Time for another check.  If the aggregation is correct, we should match our total from the disaggregated data above.

In [90]:
'{:,}'.format(st_yr.xs(1984,level='year').sum()['TOTAL'])

'58,714,146,000.0'

Indeed we do.  How do we stack up against an external source?  The following was taken from [sifma](http://www.sifma.org/research/statistics.aspx).  The following are in $B.
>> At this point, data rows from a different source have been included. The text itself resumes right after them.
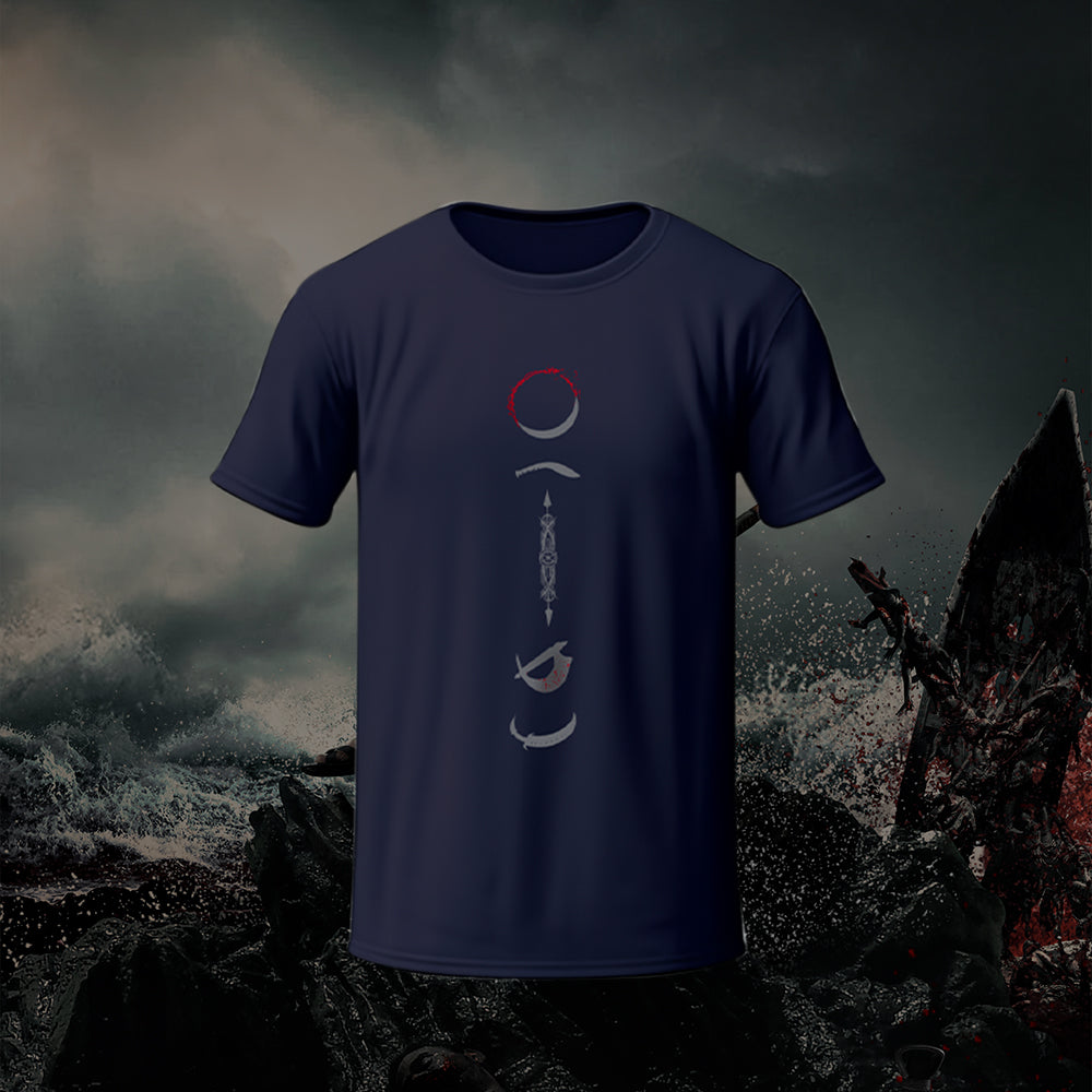 The front features a unique vertical arrangement of symbolic weapon graphics paired with a subtle red accent, representing dominance and authority. The back showcases the iconic Devara logo in a sharp, battle-inspired font, making this tee a perfect statement piece for true fans.
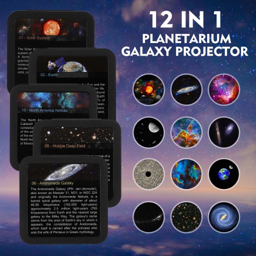 - razem z projektorem dostajesz 12 wkładów, które możesz zmienić w trakcie wyświetlania różnych planet, mgławic, zorzy i innych ciekawych efektów!
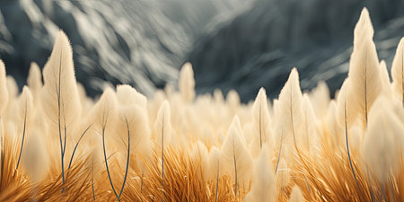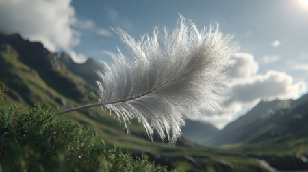 Close-up of a fluffy plume of grass, its delicate structure highlighted against the backdrop of a verdant mountain valley. The image showcases the natural beauty of the outdoors, with soft light and gentle textures. The mountain range in the background is visible.
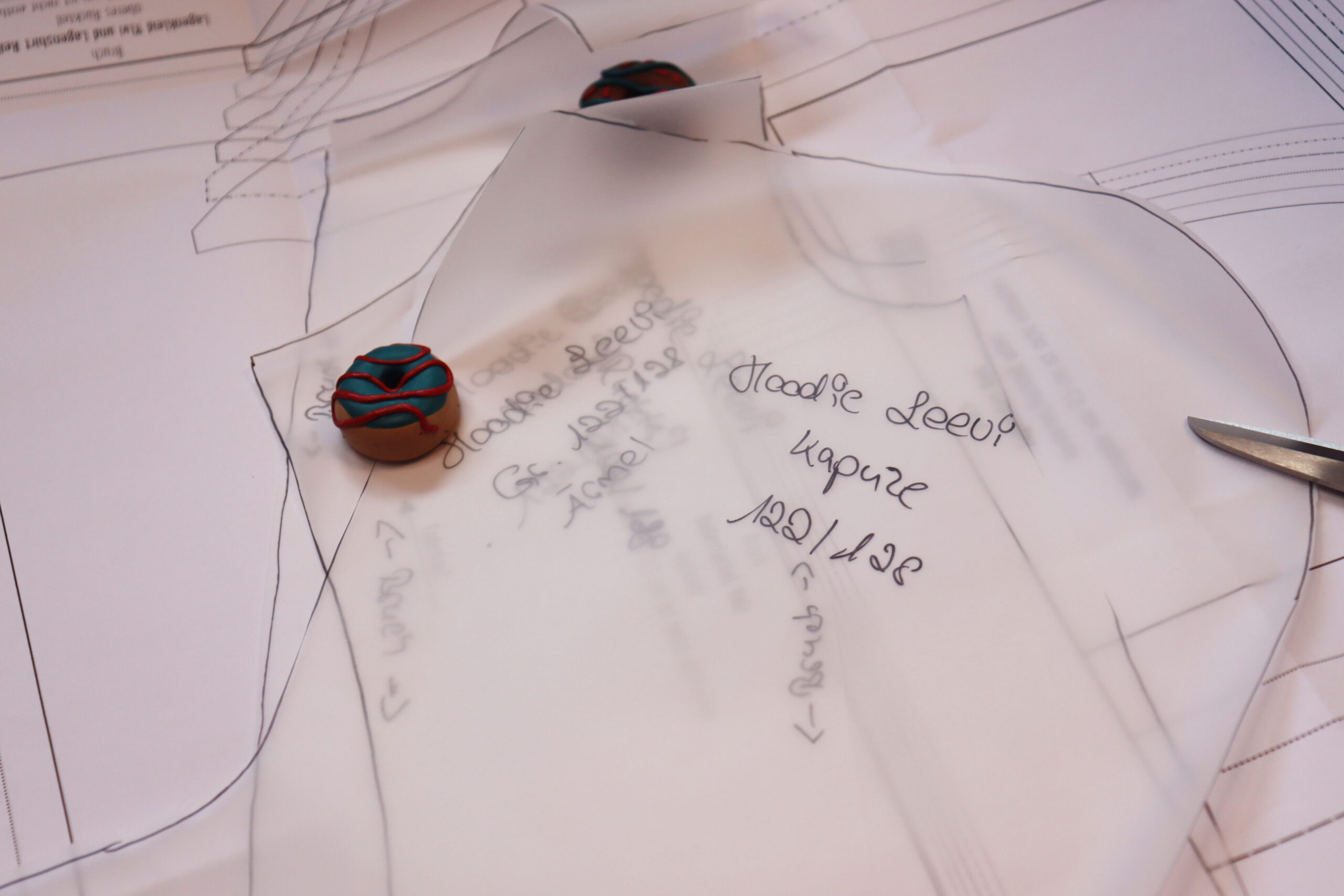 Wir haben die Erfahrung gemacht, dass es sich bei Schnittmustern für Kinder anbietet, hier die Schnittmuster in der benötigten Größe abzupausen und damit zu arbeiten, so dass man hier jederzeit auf alle Größen zugreifen kann. Bei Schnitten für Erwachsenen kann man dies vernachlässigen, da wir ja eigentlich so oft wie Kinder zwischen den Größen schwanken. Hier kann man nochmal Zeit sparen, in dem man seine benötigte Größe direkt ausschneidet.
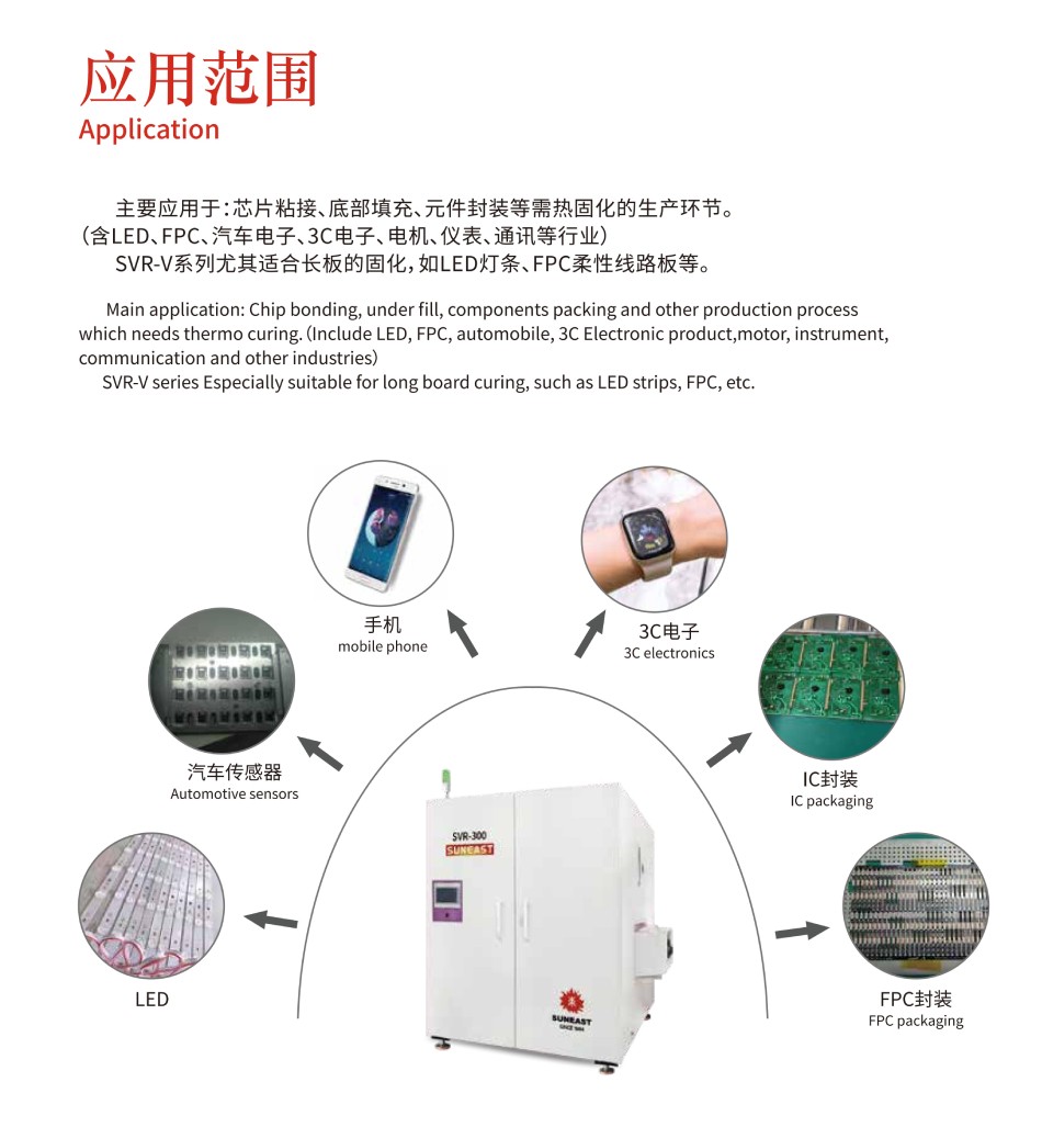 主要应用于:垂直炉SVR-V系列尤其适合长板的固化,如LED灯条、FPC柔性线路板等。
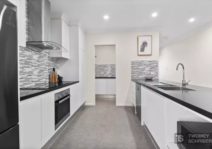 - Modern kitchen equipped with a butler's pantry, dishwasher, and large fridge space.
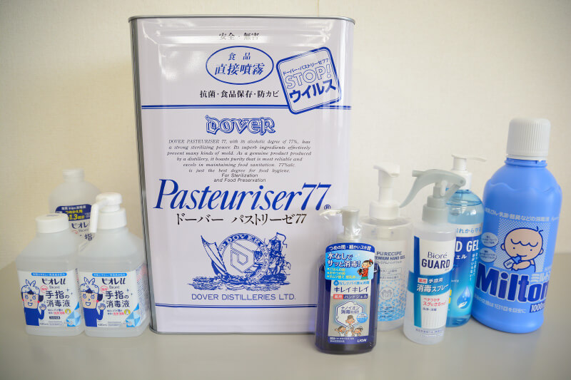 研修室出入口等主要な場所に手指消毒薬を配置し、手指消毒の徹底をお願いしています。
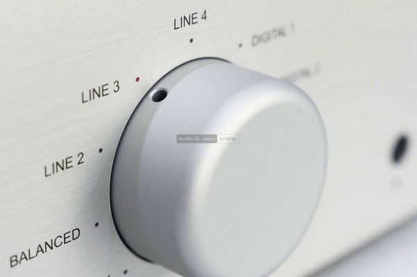 Bal oldalon egy bemenetválasztó, jobb oldalon egy hangerő potméter, köztük pedig egy üzembehelyező gomb, egy fejhallgató kimenet, valamint egy IR aljzat van. Mindkét tárcsához LED-ek tartoznak, amelyek az aktuális bemenetet és a hangerő állapotát jelzik.
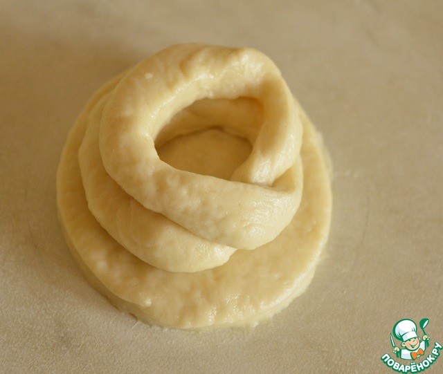 И, как бы складывая ее "книжечкой", укладываем на основу булочки.

Issuance in the U.S. Bond Markets								
USD Billions		

Year|Municipal
----|---------
1996|185.2 
1997|220.7 
1998|286.8 
1999|224.4 
2000|198.3 
2001|286.2 
2002|355.8 
2003|380.2 
2004|358.1 
2005|407.2 
2006|386.0 
2007|429.2 
2008|389.3 
2009|409.6
2010|433.1
2011|295.2
2012|382.4
2013|334.9
2014|337.5

How does this stack up against the volume of bond issues by year in our Reuter's set?

In [85]:
for yr in range(1996,2015):
    print yr,'|',st_yr.xs(yr,level='year').sum()['TOTAL']/1000000000.

1996 | 96.789144
1997 | 113.341457
1998 | 133.0422
1999 | 114.783274
2000 | 106.480824
2001 | 153.282527
2002 | 163.052001
2003 | 178.932868
2004 | 160.768258
2005 | 172.326391
2006 | 147.763784
2007 | 165.772779
2008 | 155.860923
2009 | 158.389028
2010 | 171.915652
2011 | 135.738801
2012 | 176.32159
2013 | 153.929374
2014 | 177.944166


## 

We are well below in fact, which may speak to definitional issues, but certainly precludes the idea that we are capturing figures that are too high.